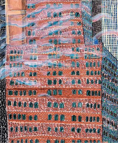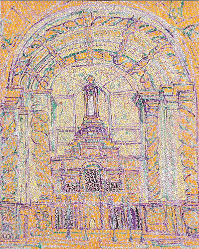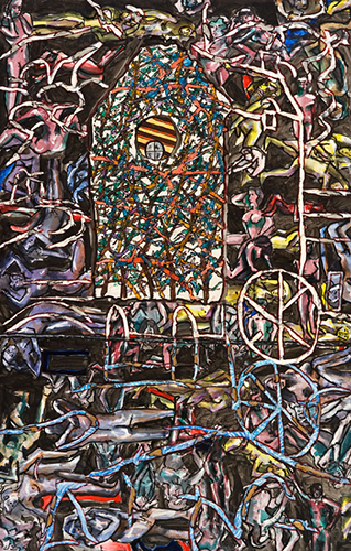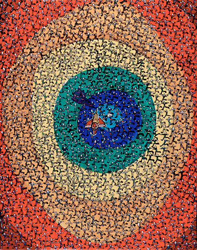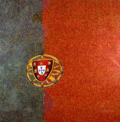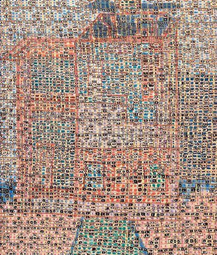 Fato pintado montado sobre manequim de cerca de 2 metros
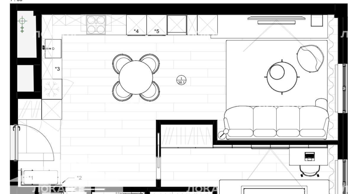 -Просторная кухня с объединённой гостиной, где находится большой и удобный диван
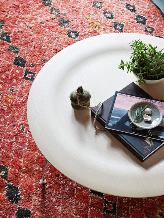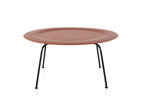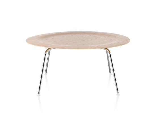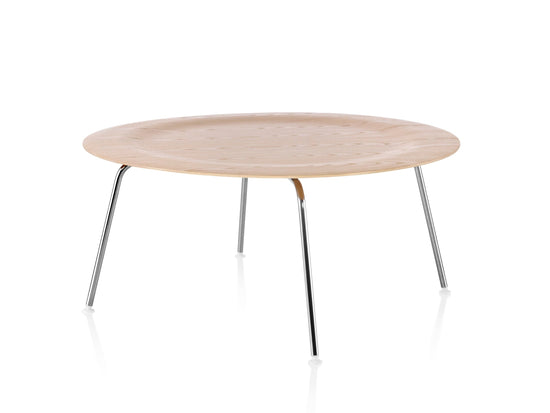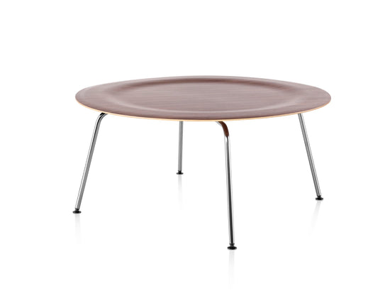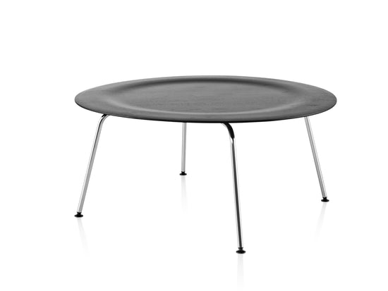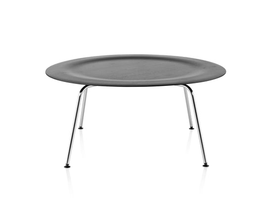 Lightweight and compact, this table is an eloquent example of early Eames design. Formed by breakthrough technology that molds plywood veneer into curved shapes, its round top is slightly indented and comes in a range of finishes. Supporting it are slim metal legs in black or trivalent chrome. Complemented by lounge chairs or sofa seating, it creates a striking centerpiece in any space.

...

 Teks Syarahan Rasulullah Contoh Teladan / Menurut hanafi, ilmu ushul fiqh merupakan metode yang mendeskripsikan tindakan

--- Brief ---
Look above and copy only the lines from the one holding "Fato pintado montado" to the one holding "-Просторная кухня с", both included, exactly, minus the pictures.

--- Completed exercise ---
 Fato pintado montado sobre manequim de cerca de 2 metros
 -Просторная кухня с объединённой гостиной, где находится большой и удобный диван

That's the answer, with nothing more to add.